Materials and methods

We  performed  a  prospective  observational  study  of  children,  3  to  7  years  old,  treated  for moderate to severe amblyopia at NHS Fife between January 2011 and December 2012. The eligibility criteria included VA in the amblyopic eye between 20/40 (logMAR 0.3) and 20/200 (logMAR 1.0), intereye acuity difference of 3 or more logMAR lines, differences in refractive error between eyes of more than 1 dioptre for hyperopia and 1.5 dioptre for astigmatism, and the presence or history of an amblyogenic factor for strabismus and/or anisometropia. These children used optical correction (if required) for at least 4 months prior to our study and were available for at least 6 months of follow-up. Children who had a poor fixation pattern in the amblyopic eye or starting VA less than 20/200 (1.0 logMAR) were excluded.

Parents/caregivers were offered the option of weekend atropine or patching. Optical penalization was additionally available at the discretion of the supervising consultant. Parents received an information sheet on the subject’s treatment details, including aims, importance of compliance and the follow-up as well as potential complications (e.g., possibility of reversal). All concerns were fully addressed and explained before the start of the treatment. Informed consent was obtained. Parents were offered the first choice of treatment option based on their preference and encouraged close work during treatment.  Patient details were entered into the departmental database on the same day as treatment initiation.

Treatment protocol

Subjects’ baseline measurements included logMAR VA, strabismus examination, cycloplegic refraction and ophthalmoscopy of the fundus. The VA in the amblyopic eye was the primary efficacy outcome measure. Refractive error was measured using cycloplegic retinoscopy 30 minutes after topical administration of 1% cyclopentolate.

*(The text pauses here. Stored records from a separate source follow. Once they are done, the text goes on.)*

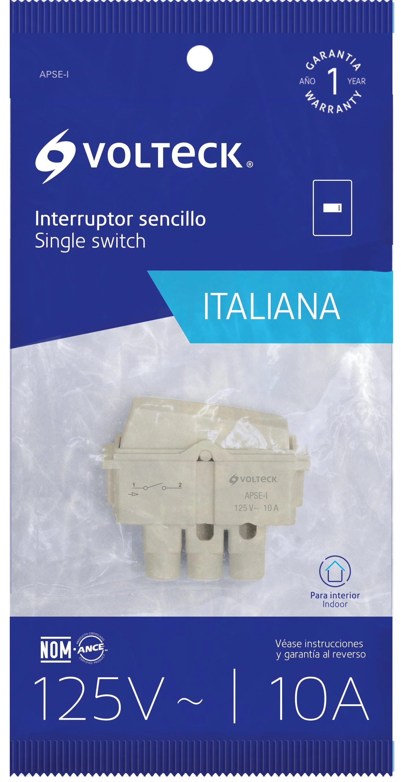 INTERRUPTOR VOLTECK SENCILLO BLANCO ITALIANA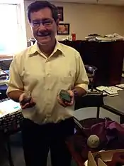 ![]() Potts displaying Oldowan stone choppers, roughly 2 million years old. These are the oldest hominin tools in the Smithsonian. | |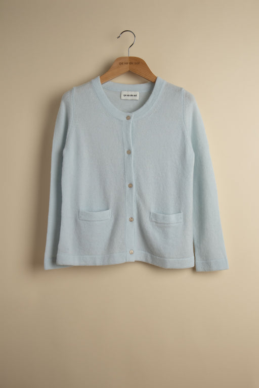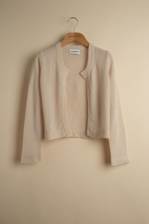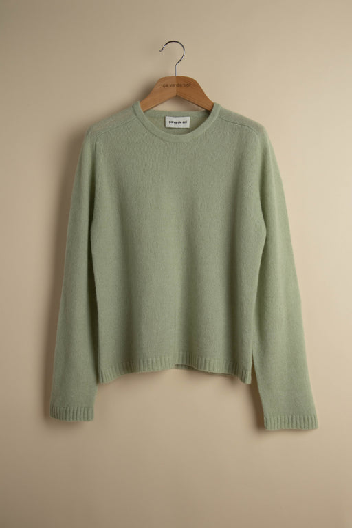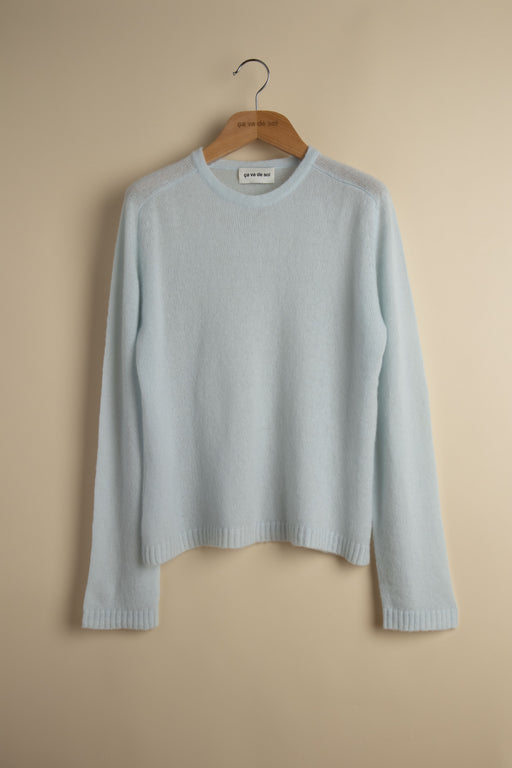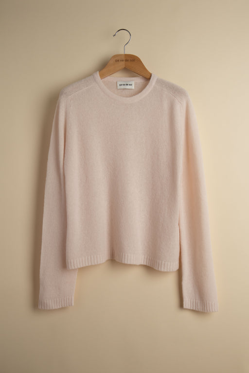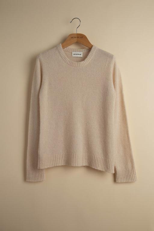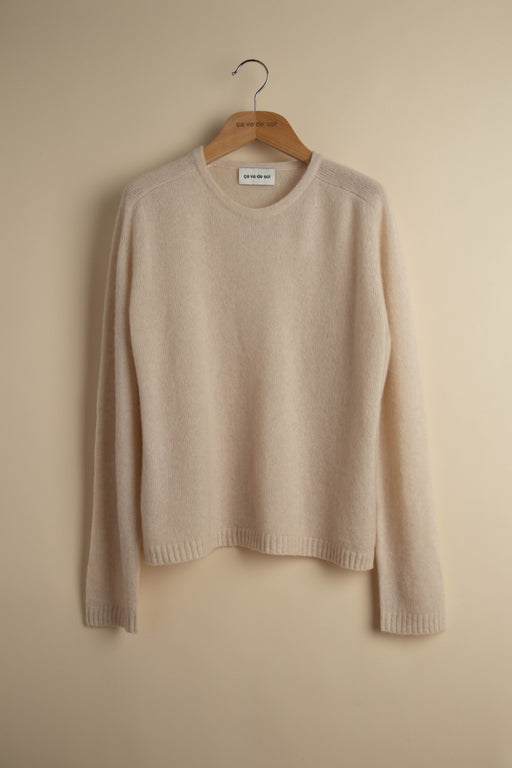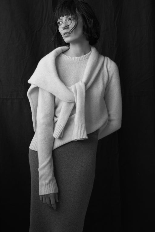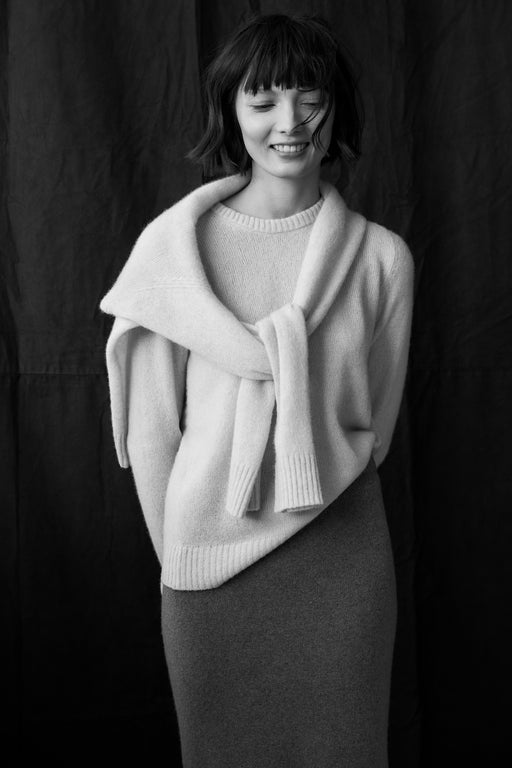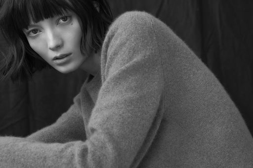 Oser brosser du cachemire de cette qualité, c’est audacieux et judicieux; sachant que le brossage est une technique qui s’applique en général sur des fils moins précieux. De ce savoir-faire unique en résulte une matière d’exception de mousse de cachemire poilue, douillette et aérienne qui nous reconnecte aux années ‘70.

Children with ‘weekend’ atropine had 1% atropine sulphate for a weekend or on 2 consecutive days during the week, with a 5-day gap between instillation of drops. Optical penalization was added only if subjects showed no improvement after 3 months. Those who chose patching had 2- hour patching twice a week initially, increasing to 6 or more hours daily if the VA worsened. Children who received patching but showed poor improvement or compliance were shifted to atropine penalization and vice versa.

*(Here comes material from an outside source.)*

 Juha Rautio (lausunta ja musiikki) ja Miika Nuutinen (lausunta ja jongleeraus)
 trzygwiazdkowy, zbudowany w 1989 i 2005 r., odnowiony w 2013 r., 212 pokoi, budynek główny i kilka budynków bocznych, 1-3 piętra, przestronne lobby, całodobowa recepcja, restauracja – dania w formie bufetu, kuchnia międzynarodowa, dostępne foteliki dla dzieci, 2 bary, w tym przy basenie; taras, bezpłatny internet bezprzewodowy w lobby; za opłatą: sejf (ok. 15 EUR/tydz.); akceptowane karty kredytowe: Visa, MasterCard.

Follow-up occurred every 4 to 6 weeks following treatment, lasting up to 6 months if the VA continued to improve. Extra visits were conducted at the clinicians’ discretion. During each visit, the clinician rechecked the VA and determined the mean of each VA following Holladay and Prager [21]. Children with squints were monitored for changes in their angles with treatment and clearly noted fixation preference up close and at a distance. All subjects were evaluated for possible side-effects and compliance to the treatment protocol. Parents kept a treatment diary which was reviewed at each follow-up visit.

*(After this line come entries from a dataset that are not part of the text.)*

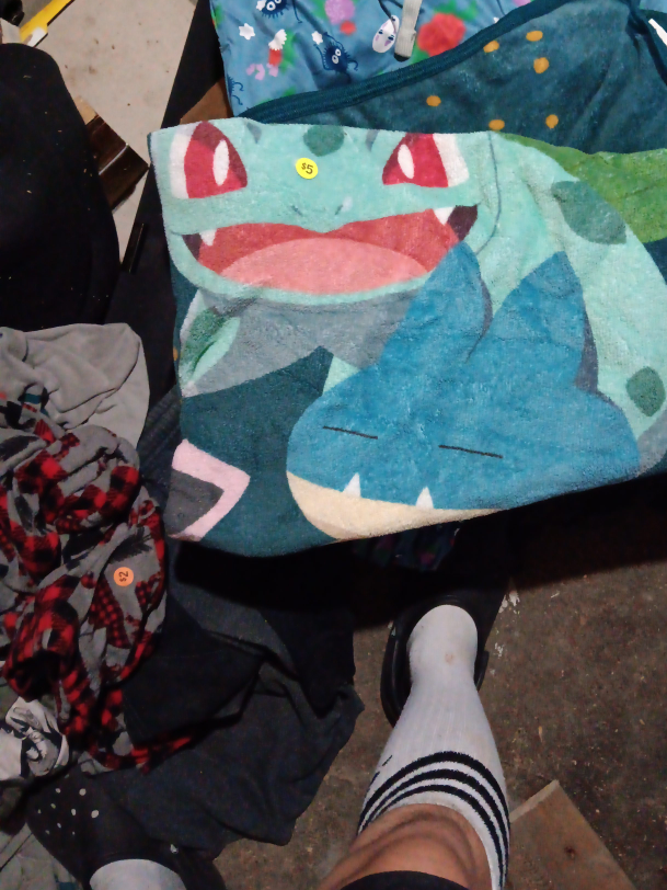Selling a fleece throw blanket featuring Pokemon characters Bulbasaur and Snorlax! It's in good condition and ready for a new home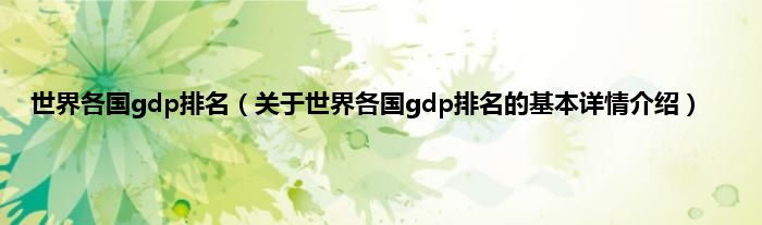 本文关于世界各国gdp排名的基本详情介绍就讲解完毕,希望对大家有所帮助。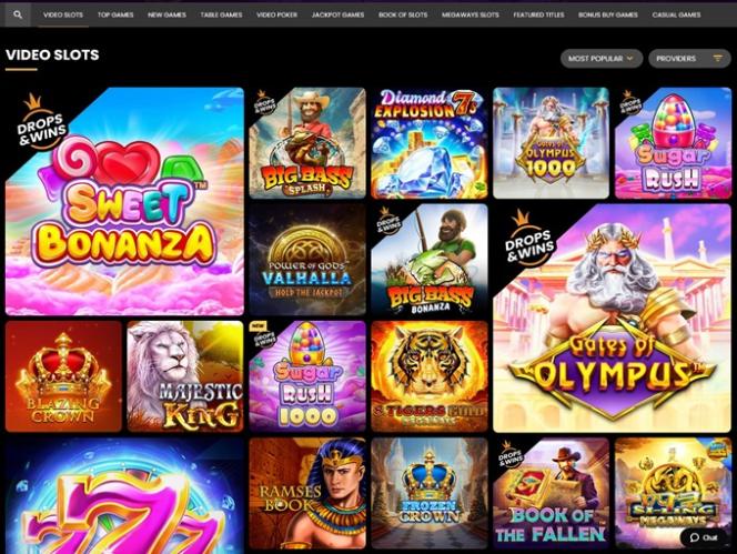 للتنقل بسرعة إلى جميع فئات الألعاب والفئات الفرعية، يتميز الكازينو بقائمة أفقية في الجزء العلوي من الصفحة الرئيسية، حيث يمكنك الوصول بسرعة إلى جميع خيارات الترفيه المتاحة، بما في ذلك صفحة منفصلة مخصصة للعروض الترويجية والمكافآت التي يمكنك المطالبة بها.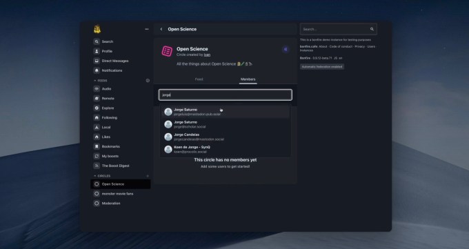 Those who lived through the Google+ era of social networks may be familiar with the concept of Circles. On Google’s social network, users organized contacts into groups, called Circles, for optimized sharing. That concept lives on at Bonfire, where a circle represents a list of people. That can be a group of friends, a fan group, local users, organizers at a mutual aid group, or anything else users can come up with. These circles are private by default but can be shared with others.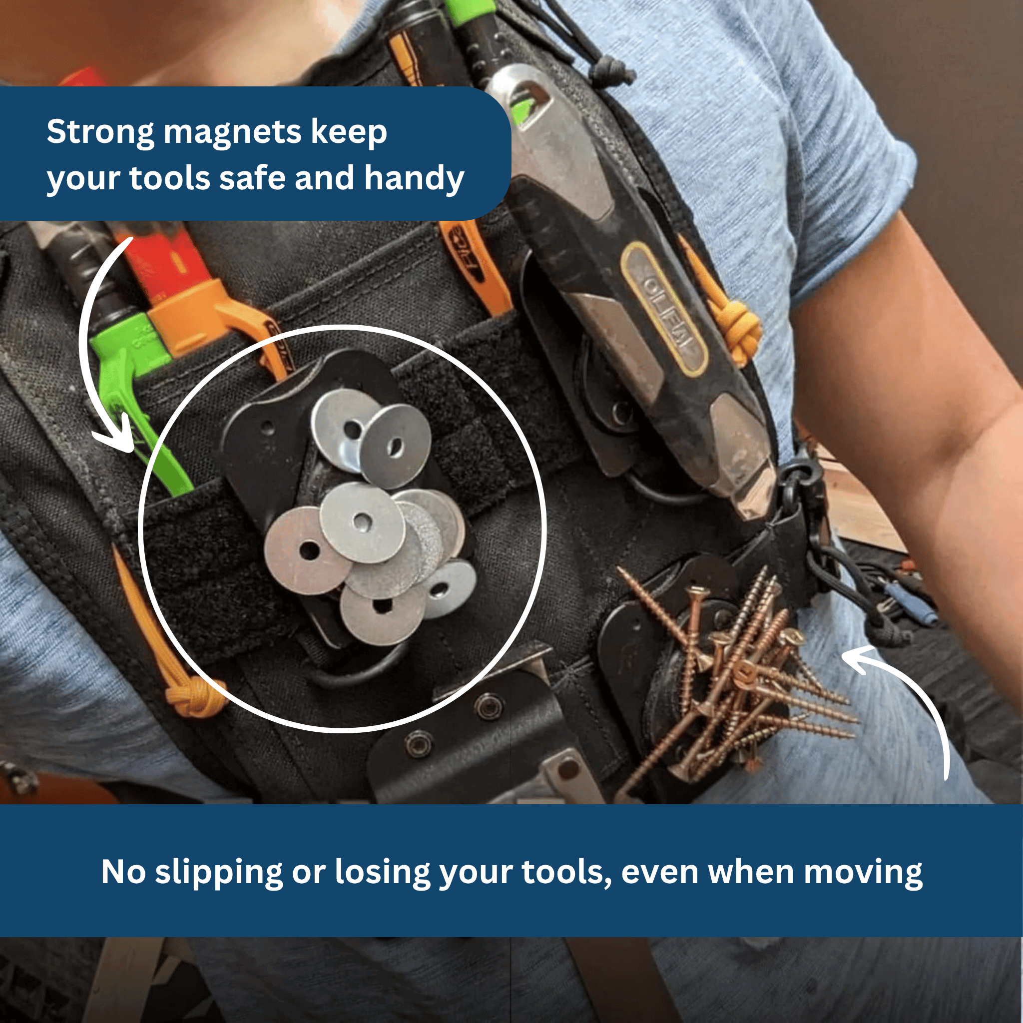 The tool holder features extra-strong magnets that securely hold tools such as screwdrivers, pliers, nails, or even hammers.

We maintained a flexible clinical approach regarding treatment modality switches, with decisions made based on treatment response, compliance and complications. For instance, atropine was discontinued if a side-effect was reported or the VA from the sound eye dropped by an equal amount or more than 2 logMAR lines. Patients who did not attend a follow-up visit were contacted and offered another appointment no later than 3 weeks.  If patients could not be contacted, a standard letter was sent out strongly advising them to stop amblyopia treatment unless clinically supervised. Finally, treatment was discontinued if no further improvement in VA was noted at follow-up visits. The endpoint of our study was when treatment was ceased. Successful treatment was defined as 2 or more lines of improvement from baseline VA or VA of 20/30 (logMAR 0.2) or better in the amblyopic eye.

Statistical methods

The rate of successful treatment and final mean of VA of the three groups were calculated using SPSS software, version 16 (Chicago, IL, USA). Differences between treatment groups were evaluated using a Fischer exact test; differences in continuous outcomes between treatment groups were analyzed using an independent sample t-test. All reported p-values are 2-tailed.

Results

We collected data from 158 children (58% males, 42% females), 3 to 7 years old (mean age 5 years). The cause of the amblyopia was squint (73%), anisometropia (47%) and ‘mixed’ cause (20%). Forty per cent of subjects received ‘weekend’ atropine penalization; 60% chose patching initially, although 7% had poor compliance and 4% showed limited improvement, resulting in them being switched to ‘weekend’ atropine (Figure 1). No subjects in the atropine penalisation group were switched to patching.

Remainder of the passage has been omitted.